Da stimme ich dir zu.
Durch das Gesicht siehst du in die Seele. Die Mimik drückt vielmals den Gemütszustand aus. 
Auf die Frage: "Was dann?" Keine Ahnung! Ich hoffe für die Thais, bin aber eher skeptisch eingestellt.

----------


## odd

Burny ist fast einfach zu erklären.
Vor Jahresfrist hegte ich durchaus Sympathien zu dem Volk, die aus Überzeugung und für ein gerechteres Leben auf die Straße gingen und zu demonstrieren.
Diese Demonstrationen wurden finanziert, von wem auch immer. Spekulationen kennt keine Grenzen.

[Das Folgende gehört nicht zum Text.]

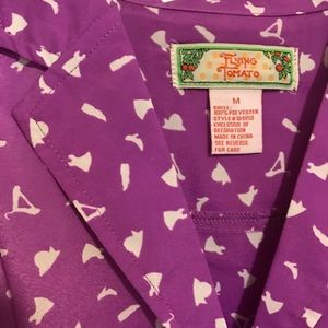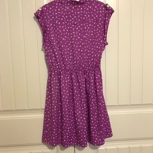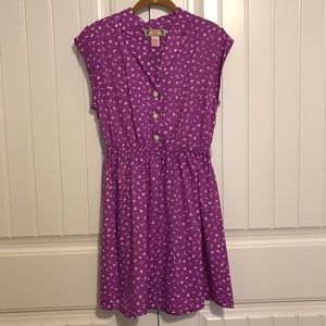 Purple dress with small pattern | pattern consists of hangers, dresses, hats & heels | hand wash only | bronze and cream button accents

Die (ich sage mal) Gesamt UDD erzielte einen Erfolg. Vorgezogene Neuwahlen, Auflösung der DP steht bevor.
Ein Sieg wurde errungen und die friedvollen Demonstranten gingen nach Hause.

Wer bleibt übrig? Terroristen, die das Land zerstören möchten und nicht einmal davor zurückschrecken, (Klein)Kinder in diese Schlacht zu zerren.

Bisherige Bilanz: Fast 60 Tote und knapp 1.500 Verletzte.
Einen Sieger wird es auch am Ende dieser Schlacht nicht geben. Nur viele viele Verlierer.

----------


## burny63

Ja, es wird nur Verlierer geben und wie immer wird es die Ärmsten am meisten treffen.

----------


## Bagsida

Egal wer wie warum und von wem finanziert etc. finde ich sowohl diesen *Sniper* aber auch Aktionen wie die *Übernahme eines Militär-Lkws*  einfach schrecklich, unnötig und in Bezug auf den Sniper dazu geeignet dass die UN eingreift, denn Selbstverteidigung sieht für mich anders aus.

Bagsida

----------


## walter

> Egal wer wie warum und von wem finanziert etc. finde ich sowohl diesen *Sniper* aber auch Aktionen wie die *Übernahme eines Militär-Lkws*  einfach schrecklich, unnötig und in Bezug auf den Sniper dazu geeignet dass die UN eingreift, denn Selbstverteidigung sieht für mich anders aus.
> 
> Bagsida


Haste Recht. Letztendlich werden die Leute für die Pfründe anderer verheizt. Egal ob Gelb oder Rot. Nur die Etablierten haben wesentlich mehr zu verlieren.

----------


## Bagsida

Der "Rote General" Renegade Major-General Khattiya Sawasdipol ist tot ! 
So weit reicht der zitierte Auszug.